Le succès de la nouvelle production rennaise de Lucia di Lammermoor repose avant tout sur la qualité et l'homogénéité d'une jeune distribution emmenée par l'exquise Lucia de Laura Ulloa.
Au printemps 2021, l'Opéra de Rennes devait accueillir Lucia di Lammermoor dans une production importée signée Stefano Vizioli. La pandémie en avait décidé autrement. Aujourd'hui, c'est une nouvelle production du chef d'œuvre du bel canto romantique qui a été confiée à Simon Delétang, directeur du Théâtre de Lorient, qui signe sa première mise en scène lyrique.
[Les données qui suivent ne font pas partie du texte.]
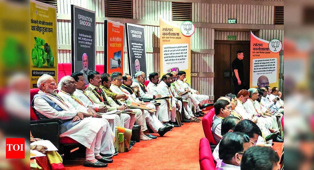 NEW DELHI: The BJP parliamentary party on Sunday passed a resolution hailing PM Narendra Modi for the GST reforms which, the party said, are citizen-friendly and have the potential to make India “self-reliant”.“Eight years ago, under the decisive leadership of PM Narendra Modi, India embraced the Goods and Services Tax, fulfilling the vision of ‘One Nation, One Tax’. What once was a cumbersome tax regime of VAT and multiple taxes is now replaced by a unified market that has brought fairness, simplicity and strength to our economy,” the party said in the resolution, which was presented by commerce and industry minister Piyush Goyal.The resolution was adopted by the party during a two-day workshop beginning Sunday, ahead of the VP polls, at the GMC Balayogi Auditorium in the Parliament complex. Modi attended the workshop for BJP MPs, where a resolution was passed lauding the govt for the GST reforms, ahead of the party’s nationwide outreach to highlight its benefits. Modi, who was seated in the last row, remained in the midst of the MPs and attended different sessions on the first day of the “Sansad Karyashala”. Sources said the PM gave suggestions and shared his views while attending meetings of MPs divided into different groups.At a meeting which saw members of a few parliamentary committees being brought together, he asked the MPs to take an active part in discussions and in reading and preparing reports.Union parliamentary affairs minister Kiren Rijiju said MPs from the BJP’s allies will join the meeting on Monday, and Modi will address the governing alliance members.NDA MPs are also likely to participate in a mock polling exercise in preparation for the Sept 9 VP election.Leading party netas, including Union ministers Amit Shah, Rajnath Singh and J P Nadda, attended the programme aimed at helping MPs contribute effectively inside and outside Parliament.Several members highlighted that Modi had chosen to sit in the last row, like an “ordinary” party member, when he arrived. Sharing a picture of Modi, Gorakhpur MP Ravi Kishan said, “This is BJP’s strength that everyone here is a karyakarta (worker).”Modi later said on X, “Attended the ‘Sansad Karyashala’ in Delhi. MP colleagues from all over India and other senior leaders exchanged valuable perspectives on diverse issues.” He added, “In our party, platforms like ‘Sansad Karyashala’ are important because they are great forums to learn from each other and deliberate on how we can serve people even better.”The different sessions during the two-day workshop will be devoted to a host of issues, including the work of parliamentarians and the highlights of the govt’s achievements. The venue was replete with materials showcasing the benefits of the GST reforms and other achievements, including Operation Sindoor.
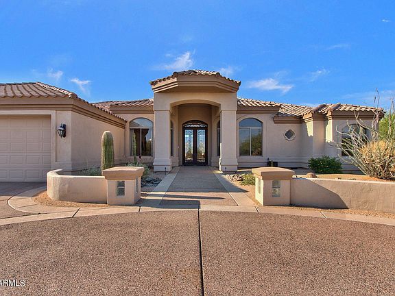 Bring your horses! Amazing Horse property situated on almost an acre w/ unobstructed views of the Mcdowell Mountains. Perfect custom home built for living & entertaining w/a great floor plan. 4 lrg bdrms,+ office, 4 full baths, LR, DR, FR w/ wet bar,+ 4 f/p's! Expansive backyard featuring salt water pool & spa, huge patio, and potential to add sport court, casita. Great location tucked in for privacy but very close to Mayo Clinic and Honor Health, top rated A+ schools including BASIS, as well as shopping and restaurants. Horse amenities include 3 stalls, tackroom, pyranha fly system, 2 turn outs, sep driveway to barn, rv gate. Ride your horses to Stonegate Equestrian Park or the unlimited trails right outside your front door! This property includes add' piece of land used as 2nd turnout
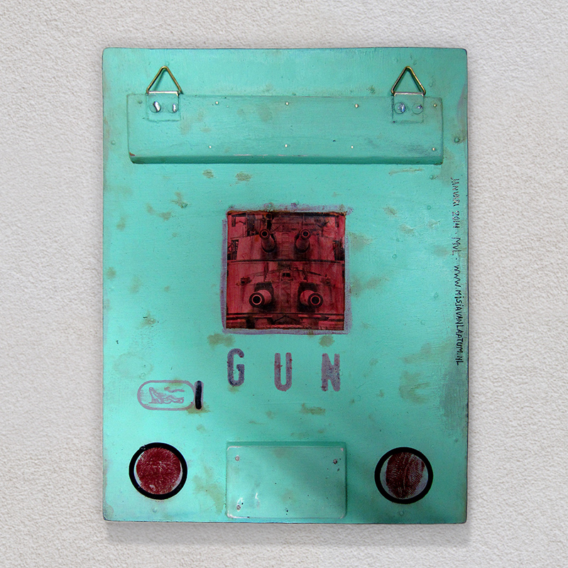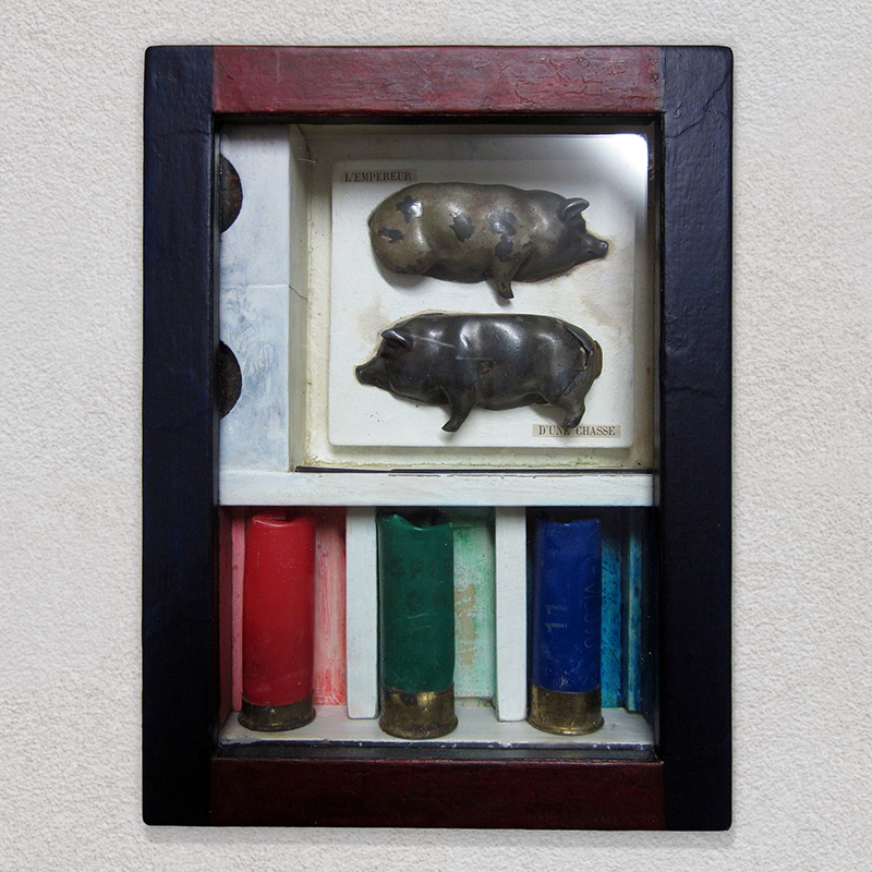 Assemblage of wood, glass, pewter, plastic and acrylics.
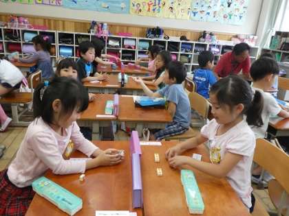 10までの数がいくつといくつになるのか学習しています。カードを2枚めくって9を作るゲームや,さいころをふって2つで7の数をつくるゲームなど,楽しみながら数の学習をしています。いくつといくつに分かれるのか,子どもたちはゲームを通して学んでいます。
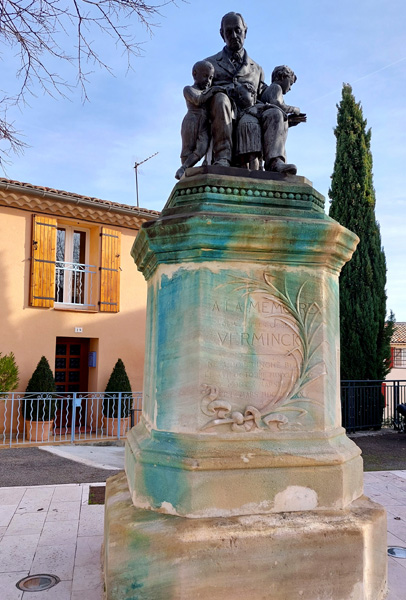 | Statue de Charles Joseph Verminck, né à Poperinge (Belgique) en 1799. Instituteur, il a créé l'école publique de Fuveau en 1824 et a enseigné pendant 38 ans. |
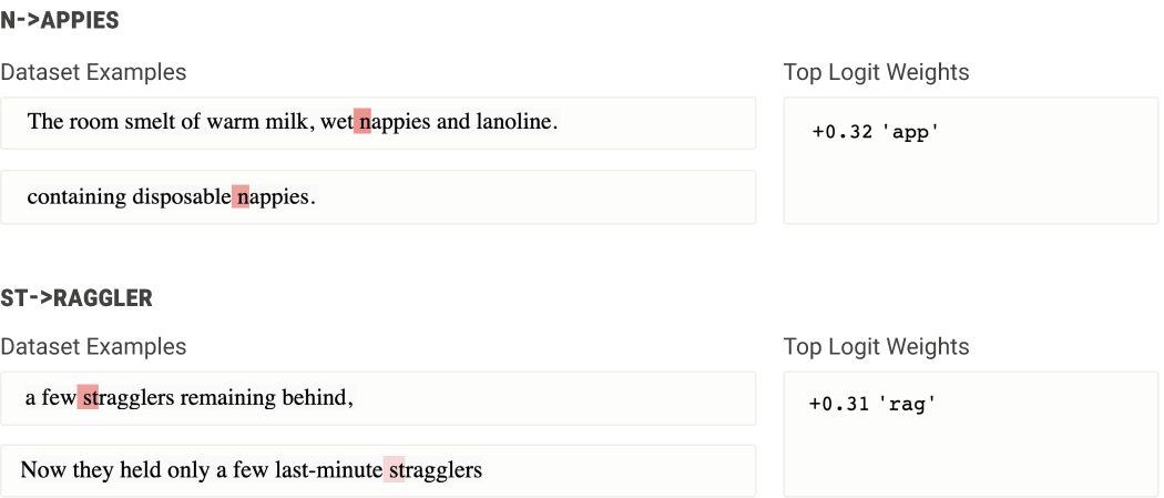 后期层神经元(靠近网络输出的神经元)通常会做与早期层神经元相反的事情:它们介导单词或上下文标记返回文字标记的转换。例如,最后一层中的一个神经元会触发标记“st”,同时增加后续标记是“rag”的可能性;本质上,这是一种将单词“stragglers”的表示形式逐个转换或指示为其组成标记以进行输出的方法。类似地,“nappies”输出神经元在标记“n”上触发,并增加标记“app”帮助写入“nappies”的概率。这些神经元本质上模拟了一个额外的输出词汇项,该词汇项仅在前面的标记满足某些条件时才可用。
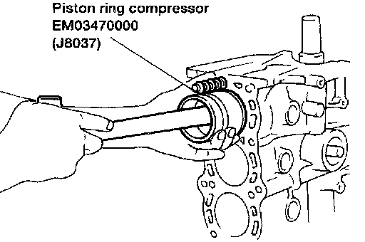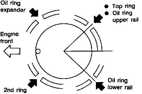 ^ When piston rings are not replaced, make sure that piston rings are mounted in their original positions.
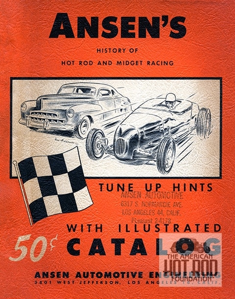 All too quickly, Senter Engineering was becoming a full fledged speed shop—Lou having realized that there was money to be made selling not only used but also new speed equipment. He also made side money street racing but his world was about to explode. Enter Jack Andrews who, like Lou, was a machinist with a lot of ideas. The pair formed Ansen Automotive Engineering, an amalgam of Andrews and Senter, and opened a new speed shop in a block shaped building at 6317 South Normandie, Los Angeles. They displayed at the very first HOT ROD Show at the Los Angeles Armory, January 1948, and their first ad appeared on page 34 of the second edition of HOT ROD Magazine, February 1948, saying: We Build Them! HOT RODS, Motors, Chassis, Machining, Distributors, Iskenderian Track Cams. They were also one of the first speed shops to enter the lucrative mail-order catalog business.
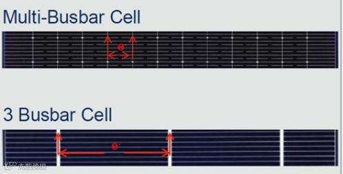 如图6,在传统三主栅布局中,主栅之间的子栅长度以及相关电阻损失限制了子栅宽度的进一步减小,并因此决定了获得有效填充因子所需的银消耗量。而多主栅设计则缩短了子栅长度,从而能充分挖掘现代金属化技术的潜能,例如细线网印以及结合了光诱导镀的喷墨种子层印刷技术。多主栅结构的主要优势在于高填充因子,以及大幅降低的Ag消耗量以及较低的活性区域遮荫面积。

Pour l'occasion, l'Opéra de Rennes a réuni une distribution de haut niveau autour de trois protagonistes peu connus sur les scènes hexagonales mais qui partagent crédibilité physique, générosité des moyens vocaux et adéquation stylistique. Le baryton chypriote Stavros Mantis, haut de stature et doté d'un instrument éclatant, campe ainsi un Enrico de la meilleure école, impressionnant dès « La pietade in suo favore ». En Edgardo, le ténor colombien César Cortés évolue sur les mêmes cimes avec des moyens séduisants et un irréprochable respect stylistique. Les rôles de complément sont très bien tenus avec mention pour le solide Raimondo de Jean-Vincent Blot, habitué de la scène rennaise.
Les lauriers de la soirée reviennent à la ravissante soprano cubaine Laura Ulloa qui incarne le rôle-titre avec une délicieuse sensibilité et dont il faut saluer la beauté du timbre sur toute l'étendue de la tessiture, l'aisance dans le suraigu et les vocalises aériennes. Sans posséder les fulgurantes intuitions musicales qui rendaient inoubliable la Lucia de Patrizia Ciofi à Bastille en 2013, elle campe une héroïne sincère et frémissante qui emporte toutes les réserves et s'impose dans l'air de la folie où elle déploie des trésors de musicalité.
À la tête d'un Orchestre national de Bretagne qui semble parfois contraint par les choix interprétatifs du chef, si l'on excepte la petite harmonie et la harpiste Léa Mesnil qui signe un admirable solo, Jakob Lehmann entreprend de libérer l'œuvre du poids de la tradition pour se rapprocher de la vision originale de Donizetti, en revenant à la tonalité originale et en éliminant les fioritures ajoutées au fil des décennies. Le résultat est aussi surprenant que convaincant et cette lecture vive et précise fait en tous points honneur à l'ouvrage.
Dans un dispositif scénique épuré, constitué d'arcades agrémentées de rares éléments de mobilier et surmontées de la devise Amor vincit omnia, où il revient aux seules lumières de suggérer les atmosphères, Simon Delétang signe une mise en scène toujours respectueuse de l'œuvre et lisible, avec une direction d'acteurs assez traditionnelle. L'essentiel reste ailleurs, dans la magie des voix.